Plutôt que jeter #3 : réparer les trous (même que c’est tendance)

Mon fils est vraisemblablement parvenu à l’âge où il dégomme un genou de pantalon par semaine, qu’il vient bravement ajouter à la pile « couture en souffrance » qui menace dangereusement d’envahir mon chez-moi. Mon entourage affirme que c’est un passage obligé, quelque chose comme l’acquisition de la continence ou l’entrée en lecture, en somme. La « période sensible des trous aux genoux » : un moment où les jeux au sol requièrent inévitablement que l’enfant se traine à genoux pendant de longues heures, jusqu’à ce que la fibre rende l’âme et se fende, en guise de dernier soupir, d’un trou, que la petite sœur ne manquera pas de remarquer – étant elle en pleine période sensible de l’attention aux petites choses : « un t’ou ! un t’ou » – avant d’y enfouir son index scrutateur histoire de bien élargir la bestiole au cas où – « ya, maman, t’as vu ? un t’ou ! ».

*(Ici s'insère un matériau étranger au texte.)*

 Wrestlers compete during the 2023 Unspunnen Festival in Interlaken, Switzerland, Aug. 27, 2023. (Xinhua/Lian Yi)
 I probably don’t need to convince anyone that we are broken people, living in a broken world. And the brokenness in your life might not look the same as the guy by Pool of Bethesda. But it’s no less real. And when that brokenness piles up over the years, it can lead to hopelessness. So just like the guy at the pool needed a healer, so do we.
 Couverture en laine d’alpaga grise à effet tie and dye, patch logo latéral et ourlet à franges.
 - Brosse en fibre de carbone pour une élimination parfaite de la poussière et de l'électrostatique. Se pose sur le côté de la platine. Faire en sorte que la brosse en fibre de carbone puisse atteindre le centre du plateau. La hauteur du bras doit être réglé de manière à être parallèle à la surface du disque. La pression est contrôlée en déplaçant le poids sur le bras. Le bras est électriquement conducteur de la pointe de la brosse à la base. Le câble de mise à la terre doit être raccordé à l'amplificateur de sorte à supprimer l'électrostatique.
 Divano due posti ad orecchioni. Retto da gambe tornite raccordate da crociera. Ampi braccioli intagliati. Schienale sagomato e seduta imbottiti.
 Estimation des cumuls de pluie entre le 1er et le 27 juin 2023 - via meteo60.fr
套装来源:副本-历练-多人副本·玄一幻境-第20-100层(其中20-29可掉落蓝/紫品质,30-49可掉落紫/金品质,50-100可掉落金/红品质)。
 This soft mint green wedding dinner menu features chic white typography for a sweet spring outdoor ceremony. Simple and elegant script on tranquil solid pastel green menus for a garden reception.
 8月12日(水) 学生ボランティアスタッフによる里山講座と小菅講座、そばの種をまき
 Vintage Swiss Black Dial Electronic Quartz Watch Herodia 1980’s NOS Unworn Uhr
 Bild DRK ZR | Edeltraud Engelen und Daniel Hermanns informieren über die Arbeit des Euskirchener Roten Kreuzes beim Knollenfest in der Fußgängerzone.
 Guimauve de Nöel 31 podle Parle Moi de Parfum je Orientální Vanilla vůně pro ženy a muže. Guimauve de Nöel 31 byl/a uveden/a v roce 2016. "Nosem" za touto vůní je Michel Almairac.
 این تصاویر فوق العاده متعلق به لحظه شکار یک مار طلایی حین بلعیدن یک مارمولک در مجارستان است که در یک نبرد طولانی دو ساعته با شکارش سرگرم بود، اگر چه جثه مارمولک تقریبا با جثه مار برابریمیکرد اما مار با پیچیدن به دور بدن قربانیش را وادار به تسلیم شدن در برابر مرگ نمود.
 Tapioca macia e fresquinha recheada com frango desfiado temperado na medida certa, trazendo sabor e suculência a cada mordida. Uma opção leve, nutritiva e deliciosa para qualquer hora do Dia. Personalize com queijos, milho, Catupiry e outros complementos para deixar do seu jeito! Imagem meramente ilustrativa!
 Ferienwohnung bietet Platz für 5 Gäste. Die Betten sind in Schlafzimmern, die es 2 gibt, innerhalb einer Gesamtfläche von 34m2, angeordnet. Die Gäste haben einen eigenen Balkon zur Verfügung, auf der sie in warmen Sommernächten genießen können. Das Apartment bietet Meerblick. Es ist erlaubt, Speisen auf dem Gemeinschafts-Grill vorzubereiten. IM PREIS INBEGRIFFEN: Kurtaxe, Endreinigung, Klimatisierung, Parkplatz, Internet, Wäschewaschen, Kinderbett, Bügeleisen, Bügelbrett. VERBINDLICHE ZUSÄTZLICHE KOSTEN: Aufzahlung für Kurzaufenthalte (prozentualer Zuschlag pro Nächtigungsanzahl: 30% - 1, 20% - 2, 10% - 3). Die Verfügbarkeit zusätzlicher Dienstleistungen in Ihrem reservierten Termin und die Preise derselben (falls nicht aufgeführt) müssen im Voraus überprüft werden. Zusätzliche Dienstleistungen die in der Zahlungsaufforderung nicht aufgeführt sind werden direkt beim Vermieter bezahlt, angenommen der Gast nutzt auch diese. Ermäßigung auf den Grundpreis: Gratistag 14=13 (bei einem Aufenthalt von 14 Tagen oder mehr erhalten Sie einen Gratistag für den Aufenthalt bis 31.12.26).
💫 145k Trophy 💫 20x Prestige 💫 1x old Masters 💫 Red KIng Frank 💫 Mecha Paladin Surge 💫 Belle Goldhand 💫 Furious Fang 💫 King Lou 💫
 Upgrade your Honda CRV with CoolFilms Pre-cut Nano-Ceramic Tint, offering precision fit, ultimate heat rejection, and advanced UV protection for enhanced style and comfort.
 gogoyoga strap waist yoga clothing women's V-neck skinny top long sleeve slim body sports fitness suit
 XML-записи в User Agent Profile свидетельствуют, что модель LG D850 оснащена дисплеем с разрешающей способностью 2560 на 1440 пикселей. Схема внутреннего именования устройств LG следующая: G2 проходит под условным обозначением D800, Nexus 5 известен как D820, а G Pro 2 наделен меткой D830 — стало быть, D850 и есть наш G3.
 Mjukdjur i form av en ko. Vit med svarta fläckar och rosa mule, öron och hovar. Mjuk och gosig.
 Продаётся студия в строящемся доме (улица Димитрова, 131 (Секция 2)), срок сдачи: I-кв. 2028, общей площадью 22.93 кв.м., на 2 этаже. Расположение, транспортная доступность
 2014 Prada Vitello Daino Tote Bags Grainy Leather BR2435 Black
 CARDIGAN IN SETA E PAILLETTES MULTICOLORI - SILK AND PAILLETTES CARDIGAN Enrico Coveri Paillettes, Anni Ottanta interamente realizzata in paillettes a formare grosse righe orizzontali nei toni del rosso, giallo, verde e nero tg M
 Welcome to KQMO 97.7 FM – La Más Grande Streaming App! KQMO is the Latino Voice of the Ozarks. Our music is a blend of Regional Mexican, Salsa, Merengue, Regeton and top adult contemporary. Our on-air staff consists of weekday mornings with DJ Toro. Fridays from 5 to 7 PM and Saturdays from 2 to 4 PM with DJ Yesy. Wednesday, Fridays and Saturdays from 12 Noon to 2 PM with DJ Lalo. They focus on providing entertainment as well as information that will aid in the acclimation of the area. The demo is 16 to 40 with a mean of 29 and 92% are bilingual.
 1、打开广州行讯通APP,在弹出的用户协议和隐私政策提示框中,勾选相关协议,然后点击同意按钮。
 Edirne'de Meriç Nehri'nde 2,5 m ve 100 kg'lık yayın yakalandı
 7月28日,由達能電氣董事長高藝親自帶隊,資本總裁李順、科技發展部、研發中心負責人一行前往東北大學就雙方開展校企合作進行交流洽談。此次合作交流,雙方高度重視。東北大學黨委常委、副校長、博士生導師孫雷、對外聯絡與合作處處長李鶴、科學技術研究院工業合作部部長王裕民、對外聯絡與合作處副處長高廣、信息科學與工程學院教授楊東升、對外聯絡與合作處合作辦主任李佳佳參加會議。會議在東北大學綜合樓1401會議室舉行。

La première fois, j’ai acheté des trucs thermocollants à la mercerie. J’étais très fière du gain de temps que la fabuleuse invention allait me permettre de sauver, jusqu’à ce que je me penche sur le mode d’emploi, lequel conseillait de coudre le patch une fois collé. J’ai ri, j’ai sorti mon fer à repasser et laissé mes aiguilles dans leur boîte. Évidemment, au bout de quelques jours la chose pendouillait mollement au genou de mon fils et c’était reparti : « un t’ou, maman ! Ya, yaaaa ! Un t’ou ». Comme la totalité des pantalons de mon fils menaçait de céder de façon tout aussi imminente à une attaque de plancher ou de cours de récré’, je me suis emparée d’un porte-savon en guise de patron et d’une vieille paire de jeans, j’ai rapidement surjeté la douzaine d’empiècements à la surjeteuse (mais c’est également possible avec un point zigzag sur une machine à coudre) et j’ai profité du temps de couture à la main pour regarder la dernière saison de Peaky Blinders. Une fois dans le mouvement, plus rien ne m’arrêtait : j’ai découpé d’autres chutes de tissu pour faire de jolis empiècements contrastés et j’ai même ajouté des coudières sur un pull du papa (qui passe sans doute trop de temps à soutenir sa tête pour l’empêcher de tomber, accoudé à son bureau).

Rien de sorcier dans tout cela me diras-tu. Il est certain qu’avec cet article, je n’ai rien inventé, mais je t’aurais peut-être donné la motivation de t’y mettre toi aussi. Cela ne coûte rien et prend certainement moins de temps que de courir acheter un nouveau pantalon ! Et si tu es une couturière chevronnée, je parie que tu seras ravie de trouver une idée pour recycler tes chutes (mais si, tu sais bien, tous ces petits bouts de tissus que tu gardes précieusement dans l’espoir qu’un jour, peut-être…).

Prochain projet : la seule paire de jeans qu’il me reste est lamentablement déchirée aux genoux, alors je prévois de me lancer dans une ambitieuse réparation mêlant empiècement en liberty et broderie « sashiko » (il s’agit de motifs de broderies japonaises que je trouve vraiment très poétiques ; on en trouve plein d’exemples sur la Toile en recherchant tout simplement « sashiko » ou « sashiko mending »). Si je parviens à quelque chose de probant, il n’est pas dit que je ne troue pas exprès un ou deux autres pantalons qui dorment dans mon armoire…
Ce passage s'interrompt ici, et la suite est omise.